** ACTIVITY **
For this exercise, retype every record below exactly and keep the pictures out.

** EXTRACTED ENTRIES **
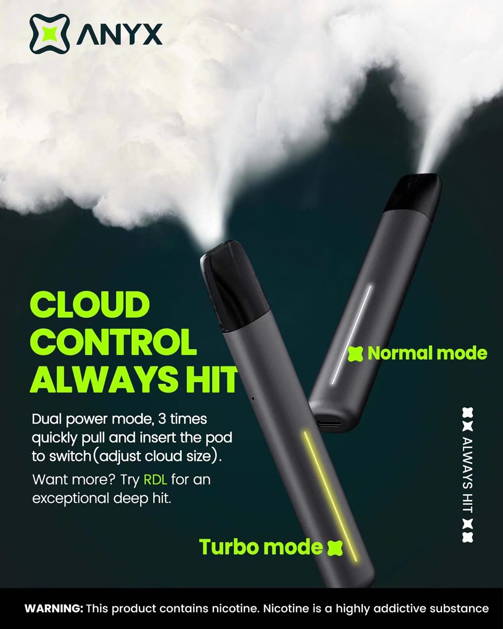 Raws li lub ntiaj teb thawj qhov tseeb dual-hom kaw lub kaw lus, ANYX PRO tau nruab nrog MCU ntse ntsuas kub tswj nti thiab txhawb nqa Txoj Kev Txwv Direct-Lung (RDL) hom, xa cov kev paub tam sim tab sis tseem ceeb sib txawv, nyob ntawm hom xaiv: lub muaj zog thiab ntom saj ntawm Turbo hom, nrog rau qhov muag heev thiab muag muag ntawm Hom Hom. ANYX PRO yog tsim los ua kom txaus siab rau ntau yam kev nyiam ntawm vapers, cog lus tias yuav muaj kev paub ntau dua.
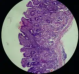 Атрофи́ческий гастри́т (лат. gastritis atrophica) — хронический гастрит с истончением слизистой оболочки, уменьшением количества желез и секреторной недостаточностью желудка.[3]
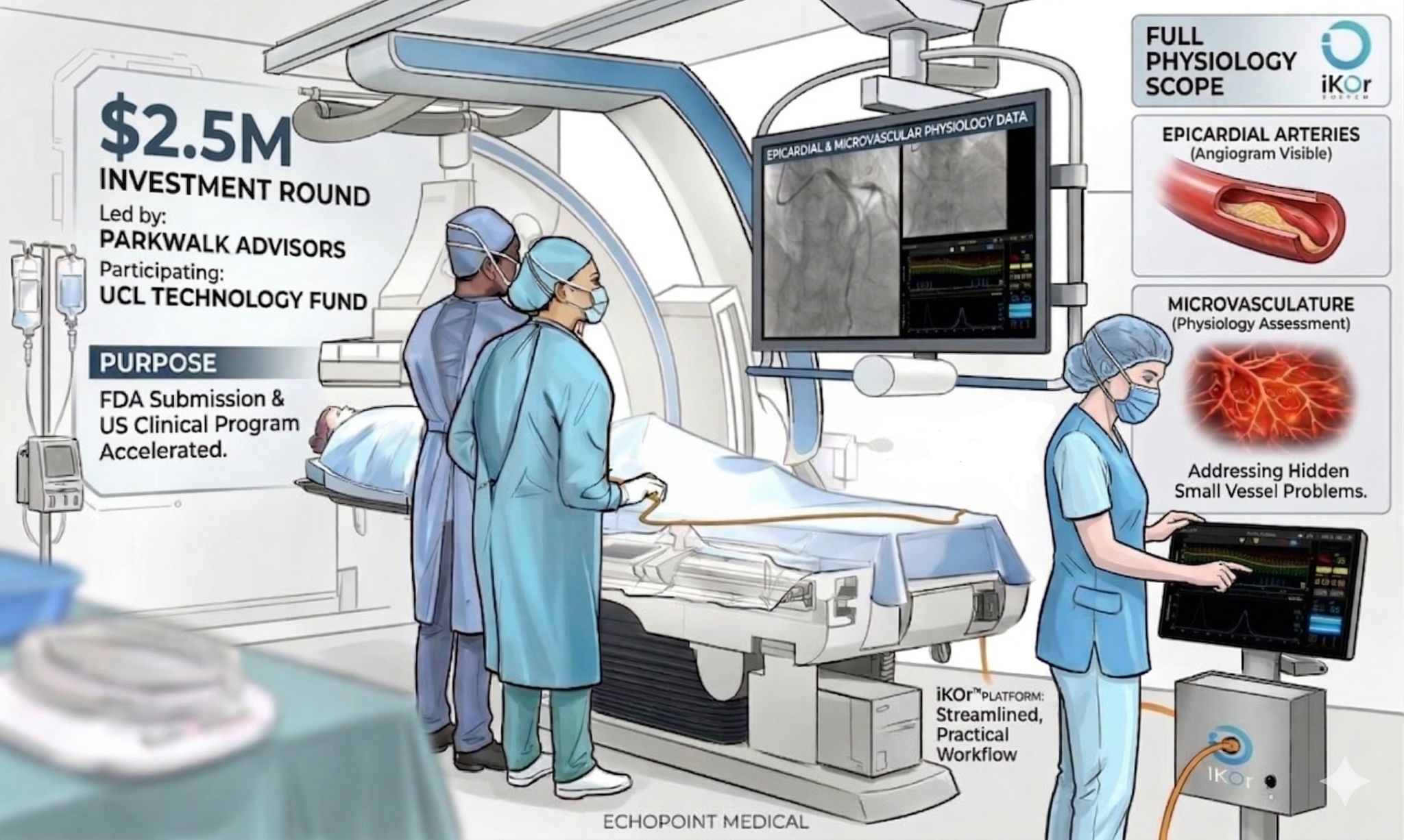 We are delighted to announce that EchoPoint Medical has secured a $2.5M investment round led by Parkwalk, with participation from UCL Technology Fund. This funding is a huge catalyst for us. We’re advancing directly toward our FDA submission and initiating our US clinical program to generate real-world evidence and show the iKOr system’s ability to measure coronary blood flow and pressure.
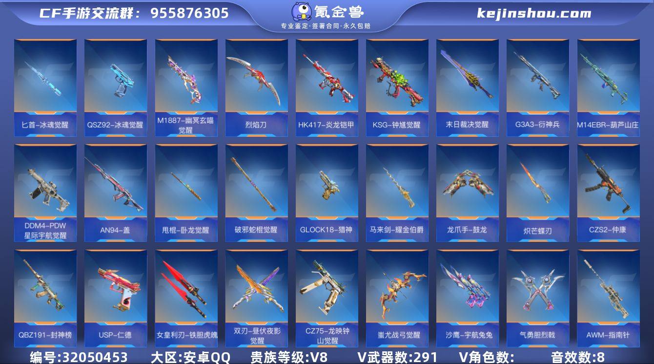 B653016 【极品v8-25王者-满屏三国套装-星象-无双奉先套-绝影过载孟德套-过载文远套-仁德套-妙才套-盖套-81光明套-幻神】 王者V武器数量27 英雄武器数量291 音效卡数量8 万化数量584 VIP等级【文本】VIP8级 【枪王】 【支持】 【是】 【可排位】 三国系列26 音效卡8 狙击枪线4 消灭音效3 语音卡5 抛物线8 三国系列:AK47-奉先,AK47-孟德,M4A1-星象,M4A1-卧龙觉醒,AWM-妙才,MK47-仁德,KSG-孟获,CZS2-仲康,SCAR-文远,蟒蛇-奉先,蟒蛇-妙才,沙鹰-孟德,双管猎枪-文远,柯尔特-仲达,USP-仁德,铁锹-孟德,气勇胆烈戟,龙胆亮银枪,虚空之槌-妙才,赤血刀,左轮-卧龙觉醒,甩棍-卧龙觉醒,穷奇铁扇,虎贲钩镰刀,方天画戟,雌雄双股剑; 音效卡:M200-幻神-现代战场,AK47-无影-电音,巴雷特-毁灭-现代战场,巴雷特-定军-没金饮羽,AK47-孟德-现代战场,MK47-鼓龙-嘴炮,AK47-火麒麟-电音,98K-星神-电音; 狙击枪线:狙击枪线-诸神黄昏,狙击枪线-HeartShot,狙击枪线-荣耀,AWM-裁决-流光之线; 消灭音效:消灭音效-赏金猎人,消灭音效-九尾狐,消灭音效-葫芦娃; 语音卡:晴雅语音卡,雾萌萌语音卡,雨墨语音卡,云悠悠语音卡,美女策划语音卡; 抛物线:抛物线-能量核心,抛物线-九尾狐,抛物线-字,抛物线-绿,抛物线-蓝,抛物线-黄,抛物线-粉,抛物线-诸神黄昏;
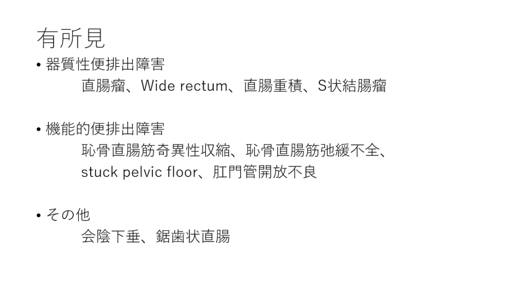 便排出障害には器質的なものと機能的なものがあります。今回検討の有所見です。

** ANSWER SPACE **
 Raws li lub ntiaj teb thawj qhov tseeb dual-hom kaw lub kaw lus, ANYX PRO tau nruab nrog MCU ntse ntsuas kub tswj nti thiab txhawb nqa Txoj Kev Txwv Direct-Lung (RDL) hom, xa cov kev paub tam sim tab sis tseem ceeb sib txawv, nyob ntawm hom xaiv: lub muaj zog thiab ntom saj ntawm Turbo hom, nrog rau qhov muag heev thiab muag muag ntawm Hom Hom. ANYX PRO yog tsim los ua kom txaus siab rau ntau yam kev nyiam ntawm vapers, cog lus tias yuav muaj kev paub ntau dua.
 Атрофи́ческий гастри́т (лат. gastritis atrophica) — хронический гастрит с истончением слизистой оболочки, уменьшением количества желез и секреторной недостаточностью желудка.[3]
 We are delighted to announce that EchoPoint Medical has secured a $2.5M investment round led by Parkwalk, with participation from UCL Technology Fund. This funding is a huge catalyst for us. We’re advancing directly toward our FDA submission and initiating our US clinical program to generate real-world evidence and show the iKOr system’s ability to measure coronary blood flow and pressure.
 B653016 【极品v8-25王者-满屏三国套装-星象-无双奉先套-绝影过载孟德套-过载文远套-仁德套-妙才套-盖套-81光明套-幻神】 王者V武器数量27 英雄武器数量291 音效卡数量8 万化数量584 VIP等级【文本】VIP8级 【枪王】 【支持】 【是】 【可排位】 三国系列26 音效卡8 狙击枪线4 消灭音效3 语音卡5 抛物线8 三国系列:AK47-奉先,AK47-孟德,M4A1-星象,M4A1-卧龙觉醒,AWM-妙才,MK47-仁德,KSG-孟获,CZS2-仲康,SCAR-文远,蟒蛇-奉先,蟒蛇-妙才,沙鹰-孟德,双管猎枪-文远,柯尔特-仲达,USP-仁德,铁锹-孟德,气勇胆烈戟,龙胆亮银枪,虚空之槌-妙才,赤血刀,左轮-卧龙觉醒,甩棍-卧龙觉醒,穷奇铁扇,虎贲钩镰刀,方天画戟,雌雄双股剑; 音效卡:M200-幻神-现代战场,AK47-无影-电音,巴雷特-毁灭-现代战场,巴雷特-定军-没金饮羽,AK47-孟德-现代战场,MK47-鼓龙-嘴炮,AK47-火麒麟-电音,98K-星神-电音; 狙击枪线:狙击枪线-诸神黄昏,狙击枪线-HeartShot,狙击枪线-荣耀,AWM-裁决-流光之线; 消灭音效:消灭音效-赏金猎人,消灭音效-九尾狐,消灭音效-葫芦娃; 语音卡:晴雅语音卡,雾萌萌语音卡,雨墨语音卡,云悠悠语音卡,美女策划语音卡; 抛物线:抛物线-能量核心,抛物线-九尾狐,抛物线-字,抛物线-绿,抛物线-蓝,抛物线-黄,抛物线-粉,抛物线-诸神黄昏;
 便排出障害には器質的なものと機能的なものがあります。今回検討の有所見です。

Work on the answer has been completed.